1) Preheat oven to 425 degrees F.  Make sure one rack is in the center of the oven and another rack is about 4 inches below the broiler.  Spray a baking pan with cooking spray and set aside.

2) Cut the plastic packaging off the polenta.  Pat the excess water off the polenta.  Slice into 1/4 - 1/2 inch rounds.  Space the rounds evenly on the prepared baking pan.

3) In a medium bowl, combine the tomatoes, onions, salt and pepper with the olive oil.  Use a utensil or your hands to mix everything together.  Spread the mixture evenly over the polenta.

4) Place the sausages on the baking pan, on top of all the other ingredients.  Use a fork to pierce each sausage once or twice.  Sprinkle the fresh herbs over everything.

5)  Place the baking sheet in the oven and cook for ~30 minutes or until the tomato skins start to wrinkle.
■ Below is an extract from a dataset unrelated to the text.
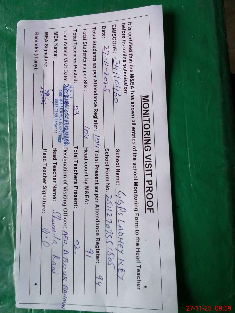 | Attendance Register | Head Teacher | MEA with School | Visit Proof |

6) Remove the baking pan from the oven and turn the broiler on.  Sprinkle 2 tablespoons of Gorgonzola cheese over the entire dish.  Return the pan to the oven.  This time, place it on the upper shelf close to the broiler and allow to cook for 3-5 minutes.

7) Serve warm, with the the sausages over the polenta.  If desired, sprinkle additional Gorgonzola cheese on top of the dish before serving.